Das Stadtmuseum und das Institut für Zeitgeschichte und Stadtpräsentation würdigen im Obergeschoss des Schlosses in einer Dokumentation die Opfer der nationalsozialistischen Gewaltherrschaft. Es geht um die Erfahrungen und Erlebnisse der Zwangsarbeiter und Kriegsgefangenen, die während des Zweiten Weltkrieges in Wolfsburg festgehalten wurden. Das Schloss und sein Park sind aber auch beliebter Veranstaltungsort für Konzerte, für das Sommerbühnen-Festival und Gartenausstellungen.

Hoffmann als romantisch verliebter Student

Das Fallersleber Schloss ist ein echtes Kleinod. Dort hat das Hoffmann-von-Fallersleben-Museum seinen Sitz. Besucher können wie in einer Zeitreise dem Dichter der deutschen Nationalhymne begegnen und in das für die deutsche Geschichte so wichtige 19. Jahrhundert eintauchen. Dabei lernen sie Hoffmann als kleinen Fallersleber Jungen ebenso kennen wie den romantisch verliebten Studenten oder den detektivisch arbeitenden Wissenschaftler. Dazu präsentiert das Museum immer wieder spannende Sonderausstellungen. In beiden Schlössern sind übrigens standesamtliche Trauungen möglich –was viele Paare gern nutzen.

Auf der Burg Neuhaus gibt es eine Zweigstelle des Stadtmuseums.
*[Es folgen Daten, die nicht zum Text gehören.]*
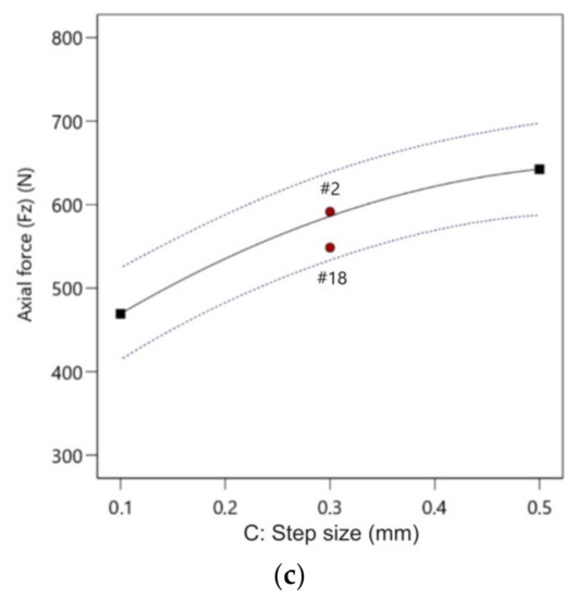 One-factor plots explain the impact of individual factors and their effect on the axial force. From Figure 9, the following information can be obtained: In the range of the experiment, if spindle speed is higher, then axial force is lower, 590 N for 0 rpm and 528 N for 600 rpm—the temperature achieved by friction plays a key role in reducing the axial forming force (Figure 9a). With an increase in feed rate from 500 to 2000 mm/min there was a slight change in the axial forming force from 549 N to 589 N (Figure 9b). This indicates that feed rate has an insignificant role in the axial forming force. With an increase in step size from 0.1 mm to 0.5 mm, the axial force increased from 469 N to 642 N, indicating that step size is a major factor affecting the axial forming force (Figure 9c).

In der historischen Wasserburg haben außerdem Künstler ihre Ateliers, der sehr rührige Freundeskreis lädt zu interessanten Veranstaltungen ein. Aber auch der Kunsthandwerkermarkt lockt viele Besucher an.

Zerstört und wieder aufgebaut: Die Burg in Peine

Errichtet, zerstört und wieder aufgebaut: Die Peiner Burg hat eine wechselvolle Geschichte hinter sich. 1193 erstmals erwähnt, wurden sie durch Kriege immer wieder zerstört. Historische Überreste der Befestigungsanlage sind heute noch zu sehen. Sie sind ein beliebtes Ausflugsziel. Der Landkreis Peine hat dort seinen Verwaltungssitz, aber es gibt auch Kultur in der Nähe: im Kreismuseum Peine.
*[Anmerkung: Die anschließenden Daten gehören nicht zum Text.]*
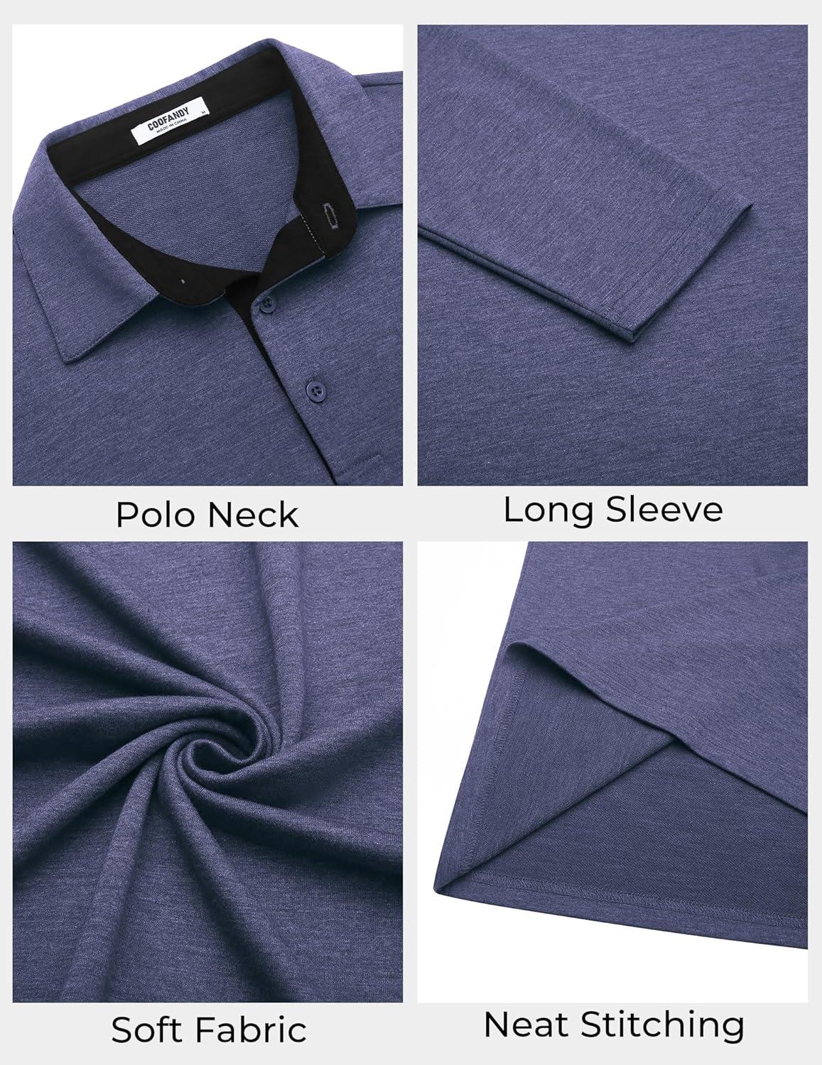 COOFANDY Mens Long Sleeve Polo Shirts Button Casual Tee Collared Work Pullover Shirts(Navy Blue)

Der Peiner Burgparkeine Quelle: Tobias Mull

Kasematte, Brückenbogen und Burggraben – das ist von der Burg übrig geblieben. Auf 6000 Quadratmeter lädt der Burgpark auf seinen Wegen zum entspannten Spaziergang ein. Besucher können sich auf Schautafeln über die Geschichte der Burg informieren.

Archäologische Untersuchen im Jahr 1998

1998 wurde der in den 70er-Jahren angelegte Amtmann-Ziegler-Garten am Rand des Peiner Schlossbergs archäologisch untersucht. Dabei wurden Gebäude- und Mauerreste der frühneuzeitlichen Befestigungsanlagen freigelegt. Die Peiner Burg wurde 1193 erstmals erwähnt, in den folgenden Jahrhunderten gab es mehrere Umbauten, nach Kriegen musste sie wiederaufgebaut werden. Die Befestigungsanlagen, die heute begehbar sind, stammen aus der Ausbauphase nach den Zerstörungen des Dreißigjährigen Krieges. 

Hildesheimer Fürstbischof ließ die Burg neu errichten

Sie wurden in den Jahren 1659/60 im Auftrag des Hildesheimer Fürstbischofs errichtet. Der ehemals runde Burgberg erhielt einen nahezu quadratischen Grundriss mit hakenförmigen Eckbastionen, die den Schlosshof um einige Meter überragten. Der Graben bekam eine Breite von 15 bis 20 Metern.

Ein Teil der zum Schutz der Zugbrücke angelegten Kasematten befindet sich außerhalb des Burgparks unter dem Wohnhaus der Weinhandlung Euling, dem sogenannten Zehnerhaus aus dem Jahre 1847. Der Burgpark bietet Besuchern vom Plateau der Eckbastion einen großartigen Überblick über die Ausgrabungen und die Peiner Altstadt.